*EXERCISE DETAILS:* Below are records with pictures. Reproduce exactly the lines from the line with "- Ø interior: 12" to the line with "In that Group, some", inclusive, and leave each picture out.

- - - - - - -

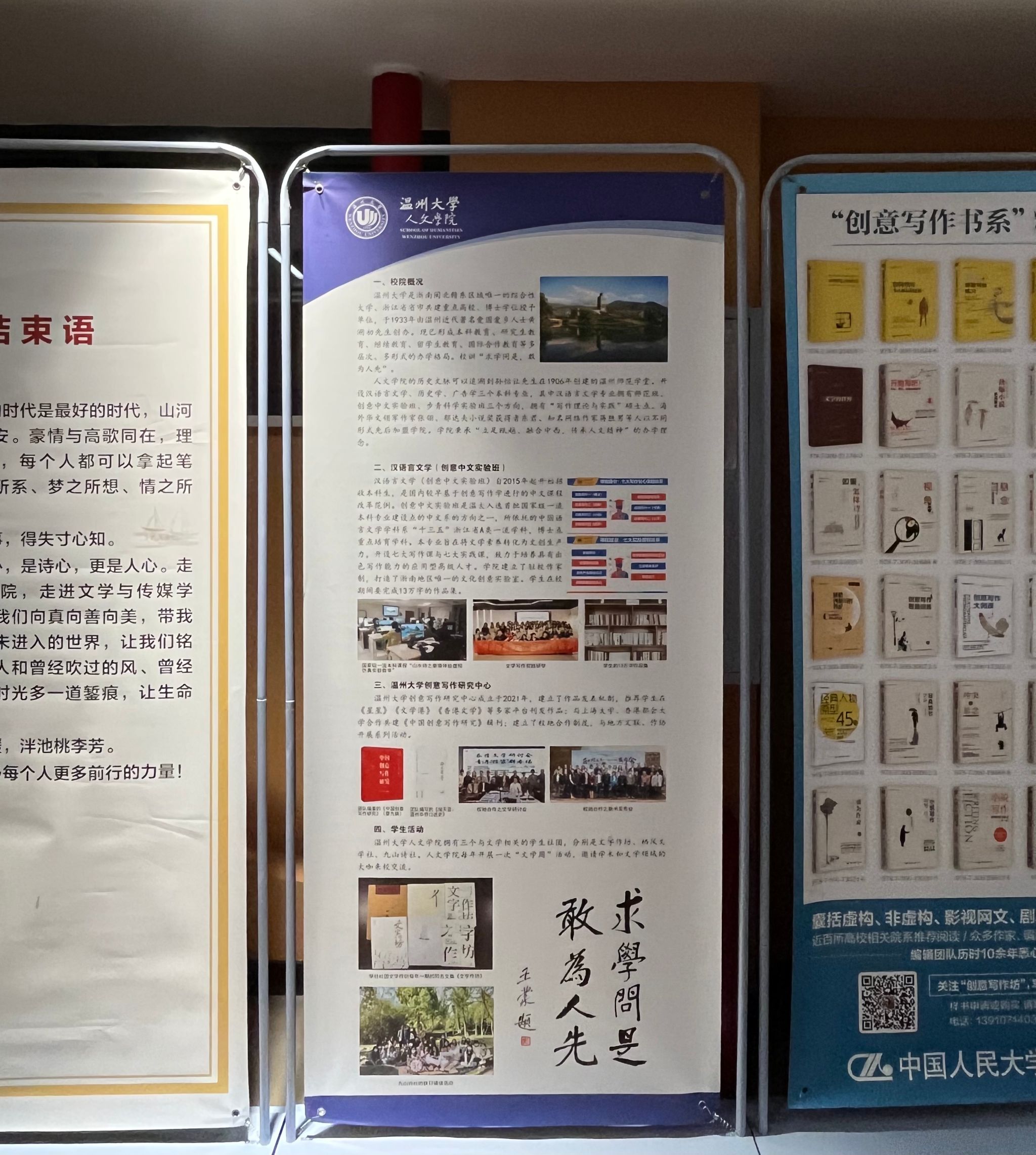 本次大会还设有高校创意写作展示环节,温州大学创意写作近些年发展迅速,在教育教学、学术科研、学生成果等方面取了一定的成绩。本次大会上,与会嘉宾们对创意写作的温大模式给予了高度评价和充分肯定。在会场上,温州大学的两面旗帜与其它高校、单位的旗帜一起飘扬,山城重庆见证了中国创意写作学科紧密团结的决心。相信,随着更多高校和专家的加入,中国创意写作将会向更深远、更光明的未来前行,为国家培养更多高质量高水准高层次的创意写作人才。
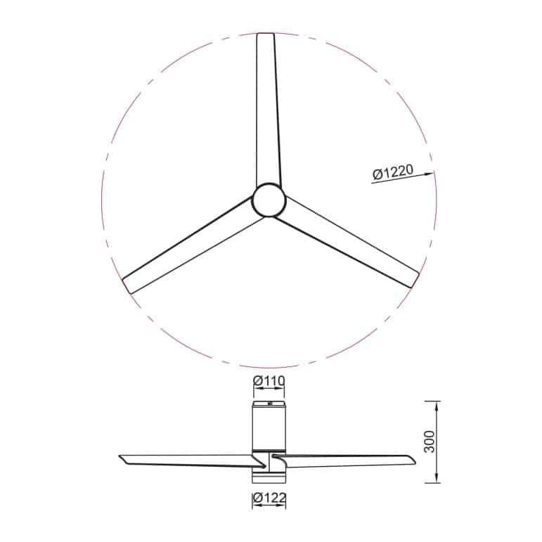 - Ø interior: 12 cm / Ø aspas: 122 cm / Grosor 30 cm
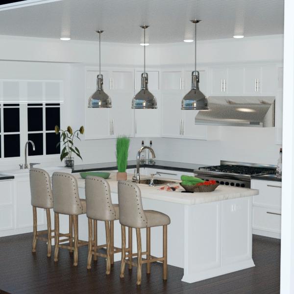 In that Group, some of the items won't have Cutout Opacity (like the backsplash, stove, etc) so with everything selected with the Surface Tool, in Surfaces (EXCEPT FLOOR, just to be sure it matches the other one, don't mess with it!) apply the Iray Uber so you can put Cutout Opacity to zero for everything except the floor. Bingo. All this should take you about 3 minutes max. Those floors are nice, you could add another Modern Kitchen to both sides of your extended plane and build a home or add a living room, etc. And shader the kitchen walls to match if you prefer. I can see adding a dining area there with the kitchen.
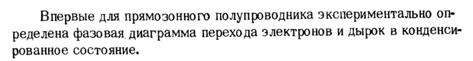 Впервые для прямозонного полупроводника экспериментально определена фазовая диаграмма перехода электронов и дырок в конденсированное состояние.
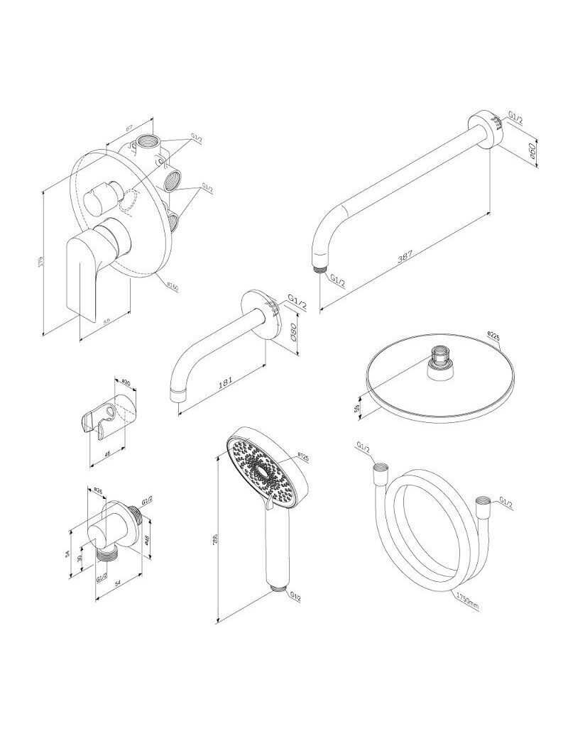 947510000 Apollo встраиваемая душевая система с ванно-душевым смесителем и изливом, хром
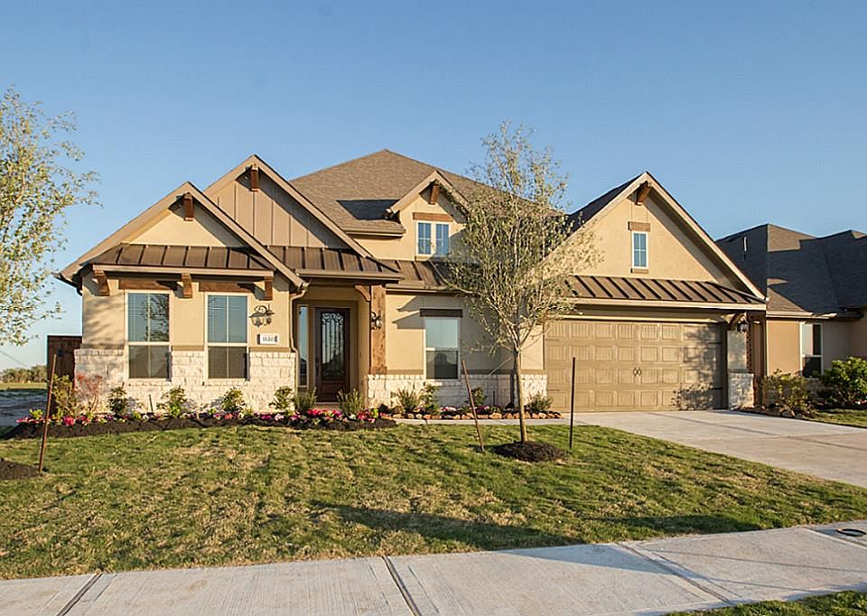 The enchanting two-story Arles design by Village Builders features an inviting front porch, a formal dining room, an open island kitchen with adjoining breakfast area, a spacious family room with corner fireplace, a master bedroom and master bath with dual vanities, corner tub, separate shower with seat, private toilet enclosure and a roomy walk-in master closet. The second floor features a game room, and powder bath. This plan also features a covered rear patio with optional outdoor grilling area. Plan options include an optional first floor study at bedroom two with optional bookcase and ceiling beams, and an optional second floor media room. *Elevations D, E and F are available for inventory only.
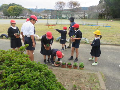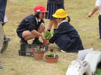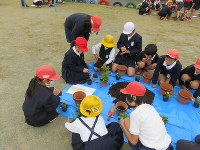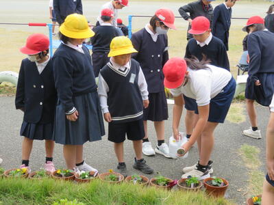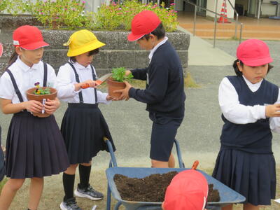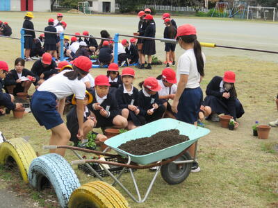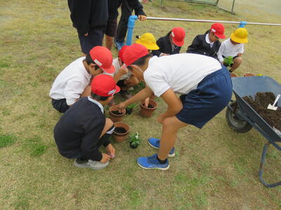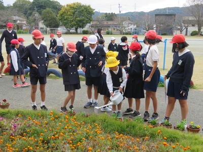 また、卒業式に飾る花を育てることを目的としているため、人権環境委員会と5年生がリーダーとなって鉢や苗、作業の進め方の説明と補助などを行いました。
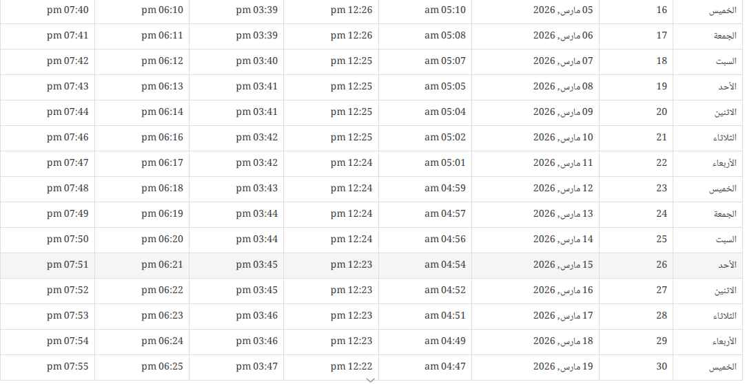 تقويم امساكية رمضان في بكين لعام 1447 / 2026 ومعرفة اوقات الإفطار والسحور يومياً
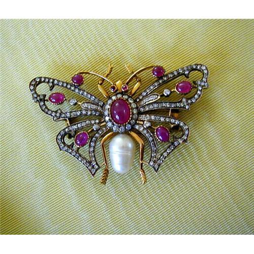 TOTALLY SPECTACULAR ~ 18K, RUBY, DIAMOND & PEARL BUTTERFLY PIN / The pin set with 164 round diamonds, 9 rubies and a large pearl 12.7 x 7.9 MM / This is simply a great pin for the "bug" collector. BURTON BROOK FARM ANTIQUES for fine estate.
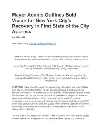 Mayor Adams Outlines Bold Vision for New York City's Recovery in First State of the City Address
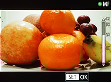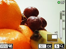 Further manual focus assistance is available in the form of the Safety MF option which lets you get the focusing close by hand, then finishes it off automatically at a half-press of the shutter release. Alternatively you can opt for the focus bracketing mode which takes three shots: one at the manually focused distance, and the others a little closer and further. The nearer and further increments can be set to small, medium and large.
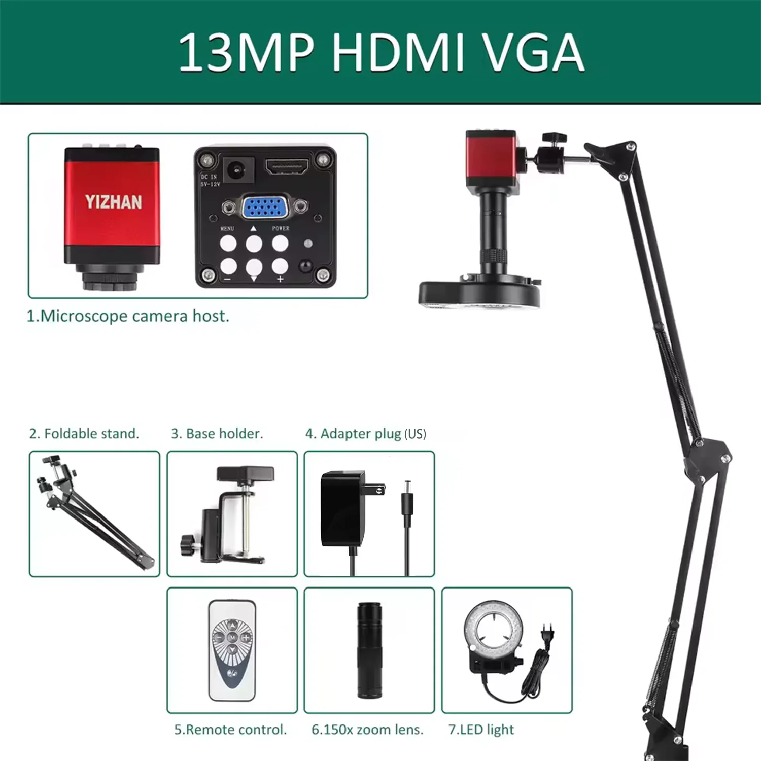 YIZHAN Digital Microscope for Adult 13MP 1080P HDMI VGA Industrial Video Microscope with 150X Zoom C - Mount Lens Foldable Stand LED Ring Light for Electronics Inspection, Jewelry and Watch Repair

- - - - - - -

*COMPLETED EXERCISE:*
 - Ø interior: 12 cm / Ø aspas: 122 cm / Grosor 30 cm
 In that Group, some of the items won't have Cutout Opacity (like the backsplash, stove, etc) so with everything selected with the Surface Tool, in Surfaces (EXCEPT FLOOR, just to be sure it matches the other one, don't mess with it!) apply the Iray Uber so you can put Cutout Opacity to zero for everything except the floor. Bingo. All this should take you about 3 minutes max. Those floors are nice, you could add another Modern Kitchen to both sides of your extended plane and build a home or add a living room, etc. And shader the kitchen walls to match if you prefer. I can see adding a dining area there with the kitchen.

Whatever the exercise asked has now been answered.